## TASK TO CARRY OUT
From the first line to the last, restate the material word for word; pictures stay out.

## SOURCE DATA
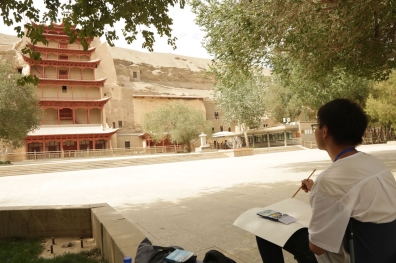 中國藝術家李敦在莫高窟前寫生
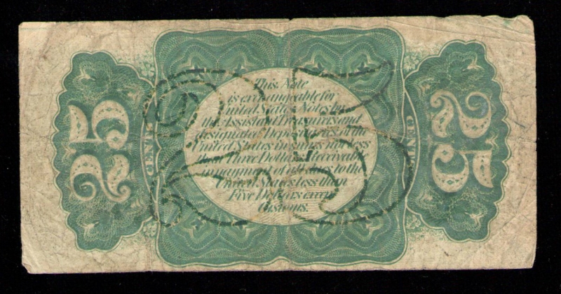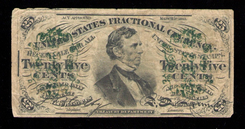 Fractional currency was introduced following the Civil War by the United States federal government. Coins became difficult to find because people started hoarding them for their precious metal content and started using stamps instead of coins as a means of commerce. The government decided to help with the hoarding problem and issue fractional currency or "postage currency". These notes were in use between August 21st 1862 through February 15th 1876. There were 3, 5, 10, 15, 25 and 50 cent denominations with five different issues through this time period. Fractional currency are smaller and do not contain a serial number.
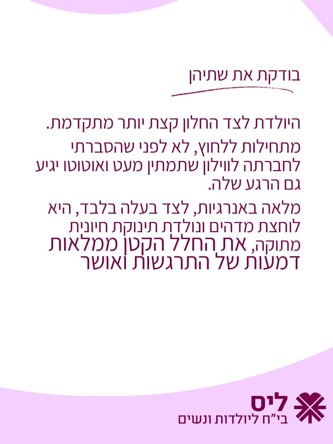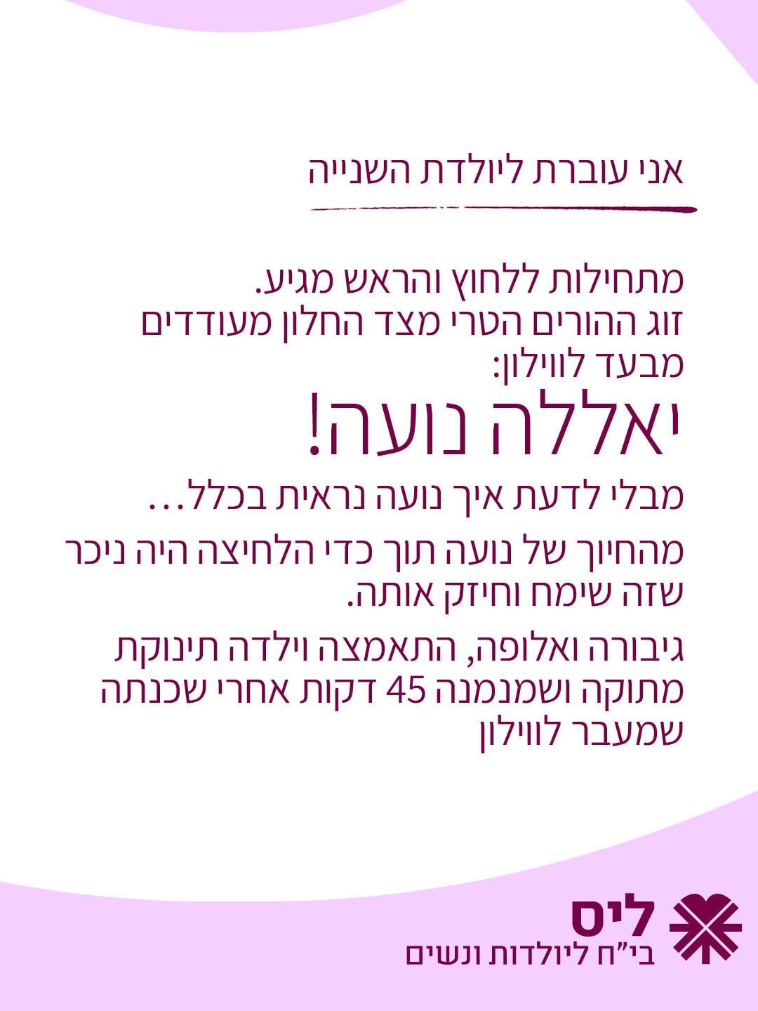 "יאללה נועה!": סיפור מרגש של סולידריות בין שתי יולדות בחדר לידה משותף בבית החולים ליס
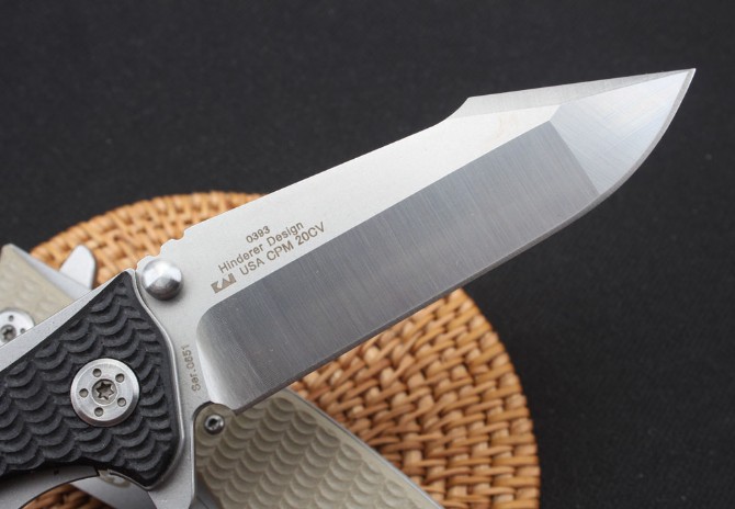 相当前卫概念化的设计,简化了之后逊色了不少,刀柄材料是G10,刀刃材是9Cr18MoV钢,硬度约58HRC,钢内衬片,滚珠轴承的主轴

## PROBLEM SOLUTION
 中國藝術家李敦在莫高窟前寫生
 Fractional currency was introduced following the Civil War by the United States federal government. Coins became difficult to find because people started hoarding them for their precious metal content and started using stamps instead of coins as a means of commerce. The government decided to help with the hoarding problem and issue fractional currency or "postage currency". These notes were in use between August 21st 1862 through February 15th 1876. There were 3, 5, 10, 15, 25 and 50 cent denominations with five different issues through this time period. Fractional currency are smaller and do not contain a serial number.
 "יאללה נועה!": סיפור מרגש של סולידריות בין שתי יולדות בחדר לידה משותף בבית החולים ליס
 相当前卫概念化的设计,简化了之后逊色了不少,刀柄材料是G10,刀刃材是9Cr18MoV钢,硬度约58HRC,钢内衬片,滚珠轴承的主轴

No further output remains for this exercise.